━━━ DATA FOR THE TASK ━━━

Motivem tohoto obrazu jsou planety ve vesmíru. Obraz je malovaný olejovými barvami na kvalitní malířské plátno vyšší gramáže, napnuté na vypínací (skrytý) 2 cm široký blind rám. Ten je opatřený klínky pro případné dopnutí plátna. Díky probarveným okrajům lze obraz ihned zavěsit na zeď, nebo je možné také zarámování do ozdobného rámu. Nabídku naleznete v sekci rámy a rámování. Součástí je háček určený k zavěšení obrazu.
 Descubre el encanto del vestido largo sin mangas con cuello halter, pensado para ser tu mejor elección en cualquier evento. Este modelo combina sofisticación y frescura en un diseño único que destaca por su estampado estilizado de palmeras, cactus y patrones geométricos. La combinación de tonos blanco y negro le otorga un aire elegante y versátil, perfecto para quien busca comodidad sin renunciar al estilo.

━━━
━━━ DATA FOR THE TASK ━━━

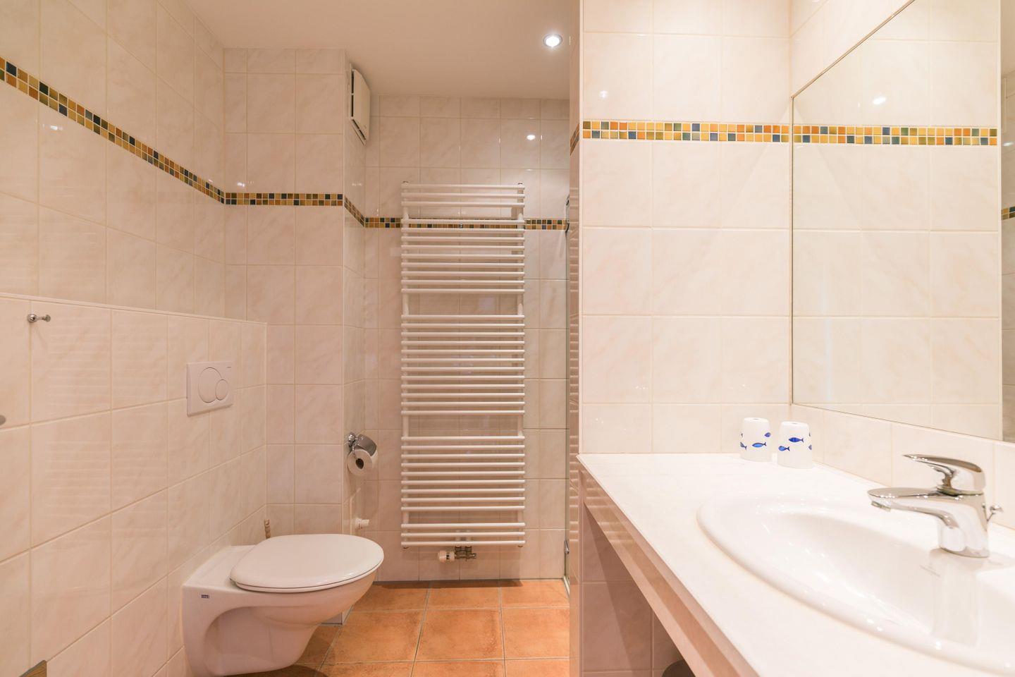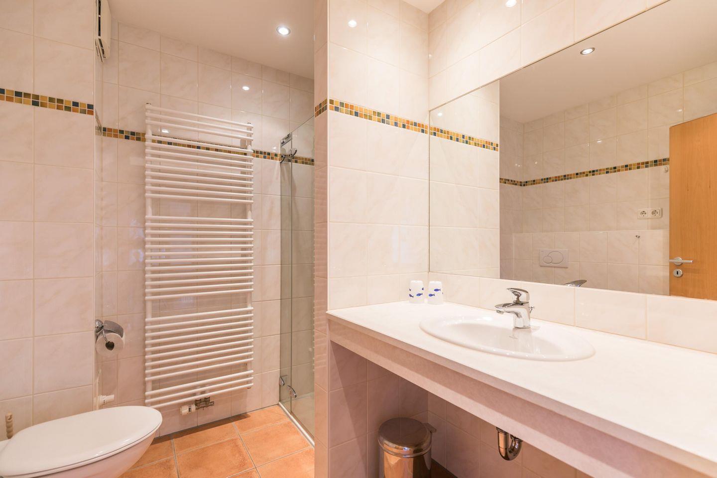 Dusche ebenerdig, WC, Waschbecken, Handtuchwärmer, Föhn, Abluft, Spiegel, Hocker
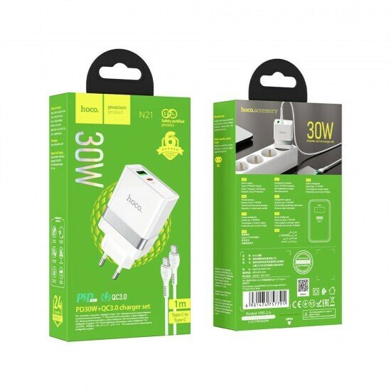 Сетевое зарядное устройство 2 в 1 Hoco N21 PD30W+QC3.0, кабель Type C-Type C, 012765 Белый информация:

━━━
━━━ DATA FOR THE TASK ━━━

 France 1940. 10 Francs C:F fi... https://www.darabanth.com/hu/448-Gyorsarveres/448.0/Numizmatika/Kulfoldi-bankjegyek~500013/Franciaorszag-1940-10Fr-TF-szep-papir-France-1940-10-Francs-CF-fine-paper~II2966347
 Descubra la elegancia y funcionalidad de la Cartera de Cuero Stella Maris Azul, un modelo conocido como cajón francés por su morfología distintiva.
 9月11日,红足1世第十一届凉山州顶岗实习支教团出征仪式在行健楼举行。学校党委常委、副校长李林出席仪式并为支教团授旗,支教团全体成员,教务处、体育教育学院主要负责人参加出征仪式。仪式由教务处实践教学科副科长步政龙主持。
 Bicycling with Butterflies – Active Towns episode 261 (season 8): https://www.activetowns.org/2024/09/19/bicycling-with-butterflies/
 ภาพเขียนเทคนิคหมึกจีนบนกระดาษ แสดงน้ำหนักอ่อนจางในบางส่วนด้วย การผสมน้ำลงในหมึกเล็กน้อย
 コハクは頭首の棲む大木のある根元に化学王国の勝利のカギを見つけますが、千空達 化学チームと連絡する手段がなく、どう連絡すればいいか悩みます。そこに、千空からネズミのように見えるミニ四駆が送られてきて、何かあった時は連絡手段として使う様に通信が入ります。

━━━

**TO DO**
All lines above from the one containing "Abluft, Spiegel, Hocker" up to and including the one containing "Сетевое зарядное устройство" are to be set down exactly, and nothing else. Leave images out.

**OUTPUT BELOW**
 Dusche ebenerdig, WC, Waschbecken, Handtuchwärmer, Föhn, Abluft, Spiegel, Hocker
 Сетевое зарядное устройство 2 в 1 Hoco N21 PD30W+QC3.0, кабель Type C-Type C, 012765 Белый информация:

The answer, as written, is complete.